Traditionally - the top 200 will receive T-shirts with the symbols of the championship.
In addition, there are special nominations:
- For the most "vzhuh" down on the privat - SSD Kingston 120 Gb.
- Each participant who has taken a place that is a multiple of 50 will receive a T-shirt with a sticker from the community pack.
Community
Join our Telegram community. You can always ask questions, get expert advice in the field of Data Science. The Mail.Ru Group championship community is networking where it's easy to find like-minded people.
useful links
- ML Boot Camp I ( Machine Learning Boot Camp - as it was ... )
- ML Boot Camp II ( ML Boot Camp 2016. New to the Top 10 , “Performance Evaluation.” Very simple ... )

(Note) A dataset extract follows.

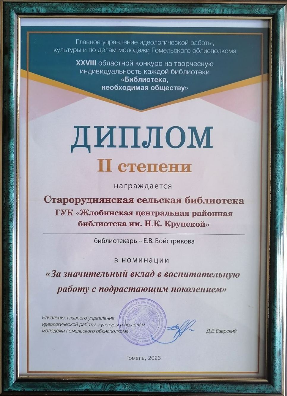 Государственное учреждение культуры «Жлобинская центральная районная библиотека имени Н.К. Крупской» награждена Гомельской Епархией Дипломом победителя областного тура республиканского конкурса "Библиотека - центр духовного просвещения и воспитания" в номинации "Духовно-нравственное воспитание детей и подростков".

- ML Boot Camp III. Binary data ( As we did ML Boot Camp III , the winning decision of the ML Boot Camp I ... contest , ML Boot Camp III: floor care prediction ... )
- ML Boot Camp IV. A problem with a secret ( ML Boot Camp IV. Fourth. Secret. T ... , ML Boot Camp IV. From 1 in public to 35 in p ... , Stabilization and Dirichlet processes in solving ... )
- ML Boot Camp V. Prediction of CVDs ( AgeHack is the first online hackathon to extend ... , ML Boot Camp V, solution history for 3 months ... , Meetup on the results of the ML Boot Camp championship )
- ML Boot Camp VI. The forecast of the audience response to the online survey ( ML Boot Camp VI. The forecast of the response of the auditor ... , History of the first place on the ML Boot Camp VI ).